While data is being transferred it is invoked frequently, and during slow periods like when nothing is being transferred it can slow down to about one call per second.

In that same vein, it's actually been deprecated as of 7.32.0, but I'm not sure which version this project actually gets linked against. Although, we all know curl never really kills features, so it's maybe a moot point. 😅 The docs for the "new" CURLOPT_XFERINFOFUNCTION are just copy/pasted from CURLOPT_PROGRESSFUNCTION anyways, so it likely is subject to the same problem.

Perhaps also exposing CURLOPT_TIMEOUT and the like would still help in conjunction to at least avoid running to infinity, which I believe is the worst-case scenario a user would want to avoid.

balamurugana commented 7 months ago

@Demonslay335 Firstly I would need to know the exact problem by investigating Debug output. The issue you are facing is mostly unrelated to the timeout.

adahiro commented 7 months ago

@Demonslay335 Firstly I would need to know the exact problem by investigating output. The issue you are facing is mostly unrelated to the timeout.Debug

This issue is relatively easy to reproduce:

Write a client test case code, set the server address and related parameters. Here we only write something related to the problem, for example: args.progressfunc = [](minio::http::ProgressFunctionArgs args) -> bool{// print something } minio::s3::UploadObjectResponse resp = client.UploadObject(args);

Start the minio server and run the above code; the file uploads successfully.

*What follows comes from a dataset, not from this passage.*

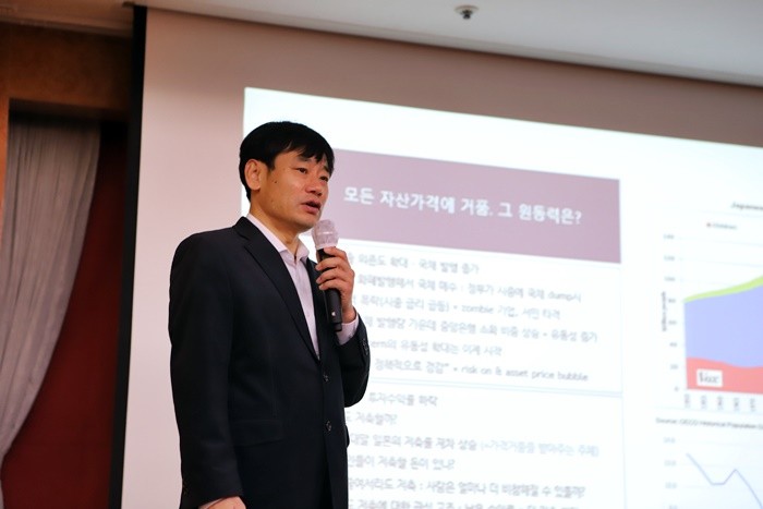 코로나19로 인해 온라인 진행된 이날 강연에서 김 교수는 “현재의 자산가격 거품을 만드는 구조적인 요인은 과잉 저축이고, 이것은 아직 살아 있다”며 “자산가격 거품이 생길수록 투자수익률이 낮아지고 동일한 노후를 보장받기 위해 더 저축해야 하는 악순환이 반복된다”고 말했다.

Shut down the minio server or disable the network on the machine where the client code is running (for example, by unplugging the network cable to simulate an unstable network situation). The program will be perpetually blocked at the line “client.UploadObject(args)”, and args.progressfunc will not be called, resulting in no output.

In actual tests, “args.progressfunc” is only called when the client successfully connects to the minio server.

In real-world network environments, especially with multiple clients, I cannot guarantee that my network will always be healthy. If there is a network anomaly during file upload and it is not possible to connect to the minio server, client.UploadObject(args); and other code will block my thread and will not return any information, leaving me no way to correct the issue. The client's business will become inoperable unless I restart the process.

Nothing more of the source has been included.